邵承对付着邵轩的试探,双目一转,余光里,窗户边正探出个脑袋,黑亮的眼珠滴溜溜朝自己身上看。
见他们兄弟聊得正当时,冉桃窃笑一声,吧嗒吧嗒跑回去预备够衣柜顶上的糖罐子。
——这还是刚才邵承抱着他找衣服时不期然发现的惊喜。
冉桃可惨了,就因为以前有一回犯了错,攒了一周少爷给的零用偷摸全买了糖,一气儿吃得牙疼,脸肿出个包,愣咽了四天豆腐之后,就彻底被禁了糖。
邵承开始不知道因由,领着冉桃去洋医生那拿药时才叫揭了老底,气得少爷狠打了他三下手板心,每天都要对他的账。
冉桃一个月缺着甜味儿,连早晨那碗麦片都寡淡得要命,踩着椅凳摸得正欢,忽然被一声威胁吓得差点跌下来。

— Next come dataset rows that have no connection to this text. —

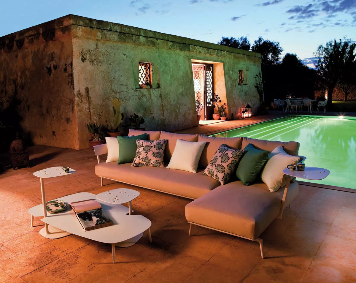 Aikana ist eine Gruppe von modulierbaren Elementen - inspiriert durch die Atmosphäre der 1950er Jahre - erstellt und konzipiert für den Innen- und Außenbereich, so dass Wohn-und Außenbereiche mit Harmonie und Stil eingerichtet werden können.
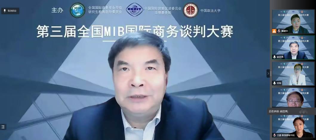 会议第一项是由赵忠秀教授代表国际商务教指委对前两届大赛工作进行总结。赵忠秀教授首先回顾了国际商务专业学位教育10年的发展历程,指出国际商务谈判是国际商务人才培养中的核心课程之一,以赛促学、促教、促建可以推动人才培养质量的提高。大赛肩负着在新发展格局下为党育人、为国育才的人才培养使命。回顾前两届大赛的举办模式,赵校长高度肯定了由全国国际商务专业学位研究生教育指导委员会、中国贸易促进委员会法律事务部、中国政法大学三个主办单位共同开创的产学研人才培养模式的探索,对作为主要承办方的永利娱高ylg060net国际商务团队表示了感谢。展望新一届的比赛,赵校长鼓励更多学校可以积极参与,推动赛事持续健康地成长,更加有力地促进学生成长。最后,赵校长宣布第三届全国MIB国际商务谈判大赛正式启动。
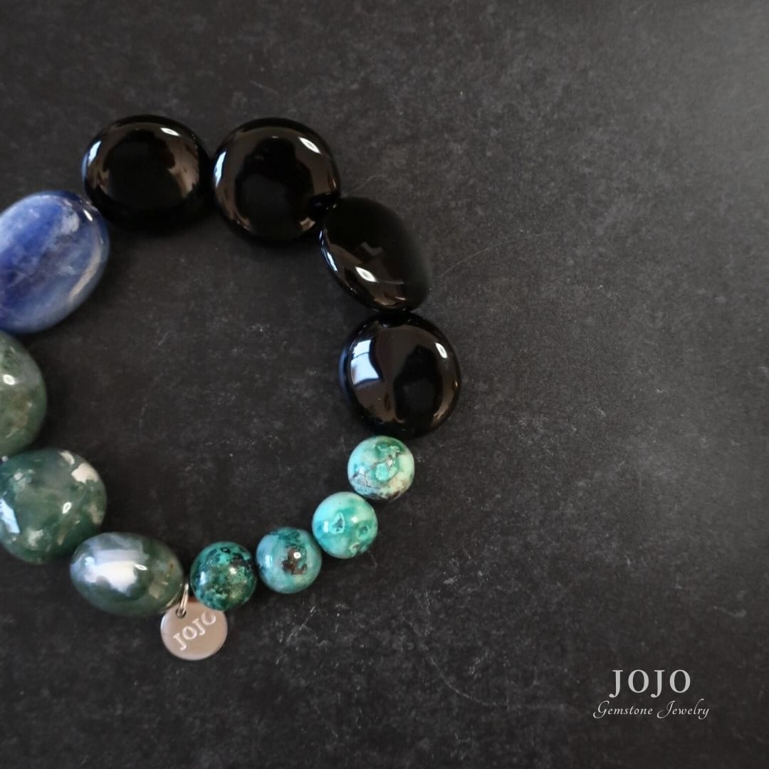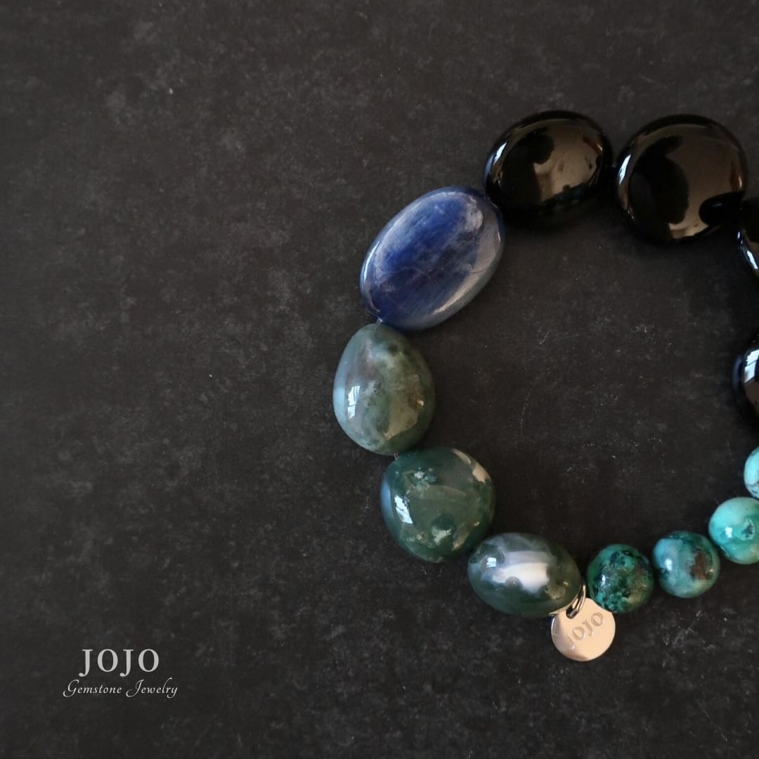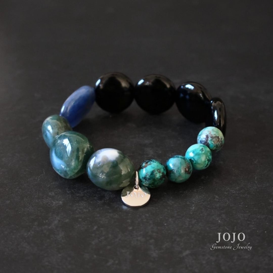 multicolor bracelet «モスアゲート × オニキス × クリソコラ × カイヤナイト»
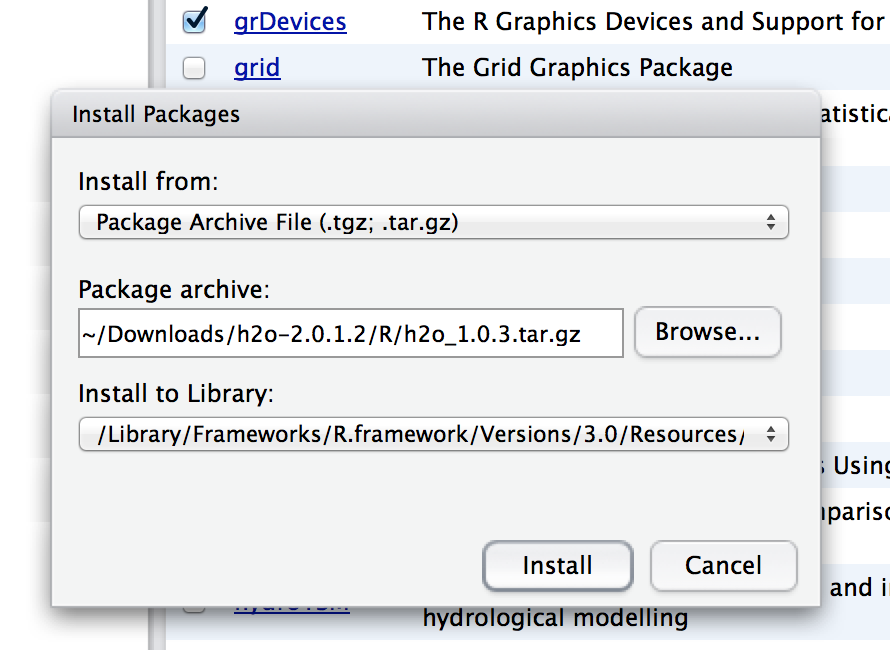 Start the H2O package by clicking the check box next to the package name h2o.
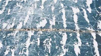 湛藍色的冰面上,牧羊人吹著口哨,驅(qū)趕著羊群,朝著遠方前進,留下一串串蹄聲和羊鞭揮舞聲。
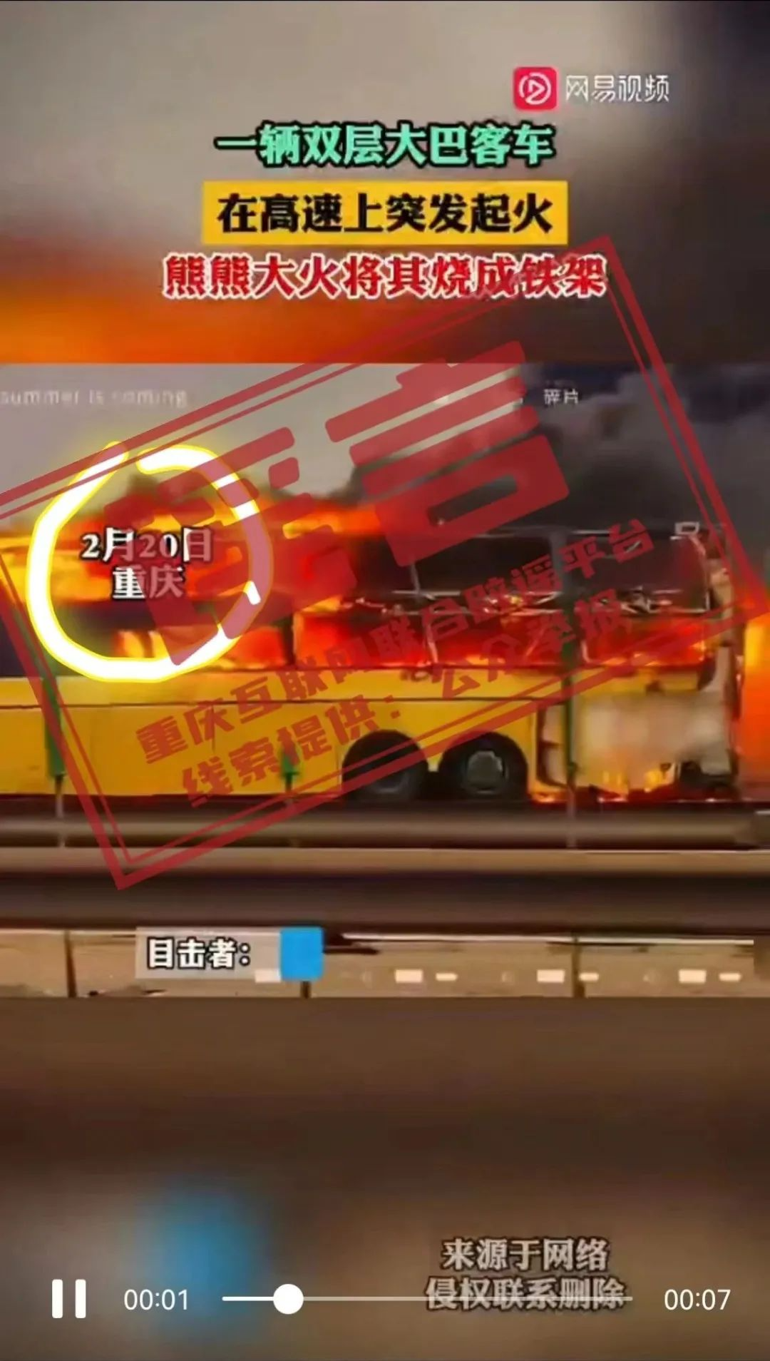 網(wǎng)傳視頻顯示高速上一輛大客車正燃著熊熊烈火,視頻配文稱“一輛雙層大巴客車在高速突發(fā)起火,熊熊大火將其燒成鐵架”,并在顯著位置標(biāo)示“2月20日 重慶”。

“冉桃,一会我数数,要是发现巧克力少了,就把你的屁股揍肿。”
邵承不知什么时候已经走到窗边,冲他招招手,笑里藏刀:“桃桃,你出来。”
“逸之,我……”头顶上好像飞来两只乌鸦嘎嘎叫,冉桃期期艾艾地走出去,讨好的话还没打好草稿,就被少爷牵着坐到了那只鹦鹉对面。
大眼瞪小眼,先怂的是冉桃,当着外人的面,他不好意思赖进邵承怀里,脑袋一垂,护上头脸,挪着椅子腿一点一点地往少爷身边拱。
邵轩只看清一个发顶,安着滑轮似的,没一会就溜去了三弟身边,自以为很隐秘地牵上了邵承的手。
邵轩还没见过自家弟弟谁露出过这样的温柔,言笑间招摇浓烈,带着深刻在细微之处的情谊,在望向那个怯怯的少年时,恨不得人人皆知,又恨不得只有他知。
像有什么在心底豁然明朗,大少爷了然一笑,瞧着邵承得逞的脸,端起咖啡饮了一口,凉凉叮嘱道:“三弟,教育小朋友的时候,还是少吓一点为好。”